A useful benchmark is complete spatial randomness (CSR), where points are independently and uniformly distributed. Departures from CSR can indicate clustering or regular spacing.

Three tools are used in the quantitative part of this report:

  • Kernel intensity estimation shows where the expected number of points per unit area is higher or lower.
  • Nearest neighbour distance analysis summarizes how close each bank branch is to its closest other branch.
  • Ripley’s K/L function evaluates clustering across a range of spatial distances, instead of using only one distance threshold.

This report follows the point pattern approach described by Baddeley, Rubak, and Turner (2015). The observed pattern is compared with a random reference pattern.

From an urban economics perspective, banks benefit from accessibility, visibility, and proximity to dense economic activity. This suggests that bank branches should be more common in central business districts, retail streets, office areas, and transport hubs.

This expectation gives the statistical analysis an economic interpretation. Clustering would suggest that financial services follow the broader structure of urban activity.

OpenStreetMap is used as a volunteered geographic information source. This makes it suitable for reproducible exploratory research, but the data should be interpreted with awareness of possible incompleteness and uneven tagging quality.

3 Data, Description And Graphs

3.1 Data Source

The data are obtained from OpenStreetMap using the osmdata package in R. The query selects all mapped objects with the tag amenity = bank inside the New York City search bounding box. Both point and polygon features are used:

  • OSM point features are treated directly as bank branch locations.
  • OSM polygon features are converted to representative interior points using st_point_on_surface().

The resulting points are clipped to the New York City boundary returned by osmdata::getbb(). All distance analysis uses UTM Zone 18N (EPSG:32618), which uses metres as units.

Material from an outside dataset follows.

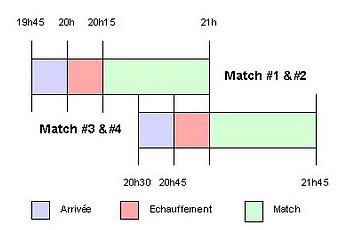 Pour le prochain rendez-vous (19/10), je vous propose de rassembler au moins 4 femmes (8 max) et 4 hommes (8 max) pour réaliser les 4 matchs de la soirée.

The report uses a local cache after the first successful data collection, so repeated rendering does not require a new OpenStreetMap query.

3.2 Descriptive Overview

bank_summary <- data.frame(
  statistic = c(
    "Number of bank features",
    "Features with an available name",
    "Features with an available brand",
    "Point features from OSM",
    "Polygon features converted to points"
  ),
  value = c(
    nrow(banks),
    sum(!is.na(banks$name) & banks$name != ""),
    sum(!is.na(banks$brand) & banks$brand != ""),
    sum(banks$source_geometry == "point", na.rm = TRUE),
    sum(banks$source_geometry == "polygon", na.rm = TRUE)
  ),
  stringsAsFactors = FALSE
)

knitr::kable(bank_summary, caption = "Summary of OSM bank branch data.")
Summary of OSM bank branch data.
statistic value
Number of bank features 2467
Features with an available name 1137
Features with an available brand 888
Point features from OSM 2320
Polygon features converted to points 147
top_bank_names <- banks |>
  sf::st_drop_geometry() |>
  dplyr::mutate(display_name = dplyr::coalesce(brand, name, operator)) |>
  dplyr::filter(!is.na(display_name), display_name != "") |>
  dplyr::count(display_name, sort = TRUE) |>
  dplyr::slice_head(n = 10)

knitr::kable(top_bank_names, caption = "Most frequent bank names or brands in the OSM data.")
Most frequent bank names or brands in the OSM data.
display_name n
Chase 243
TD Bank 116
Bank of America 114
Citibank 105
Santander 48
Capital One 47
Citizens Bank 43
Wells Fargo 29
Apple Bank 28
Flagstar Bank 25

The dataset is volunteered geographic information, not an official bank registry. Some branches may be missing or inconsistently described, but the data are suitable for exploratory spatial analysis.

The descriptive tables check sample size and attribute completeness. Even when names are missing, the coordinates remain useful for the clustering analysis.

3.3 Maps And Visual Exploration

3.3.1 Bank Branch Locations

ggplot() +
  geom_sf(data = nyc_boundary, fill = "grey96", color = "grey45", linewidth = 0.3) +
  geom_sf(data = banks, color = "#1f78b4", alpha = 0.7, size = 0.9) +
  coord_sf(datum = NA) +
  labs(
    title = "Bank Branches Mapped in OpenStreetMap",
    subtitle = "New York City, amenity = bank",
    x = NULL,
    y = NULL
  )

The initial map gives a visual test of the research question. Dense groups of points in Manhattan or Downtown Brooklyn would suggest clustering in major commercial areas.

3.3.2 Kernel Intensity Surface

The following map estimates the spatial intensity of bank branches. It should be read as a smoothed surface of relative concentration, not as a precise count at each location.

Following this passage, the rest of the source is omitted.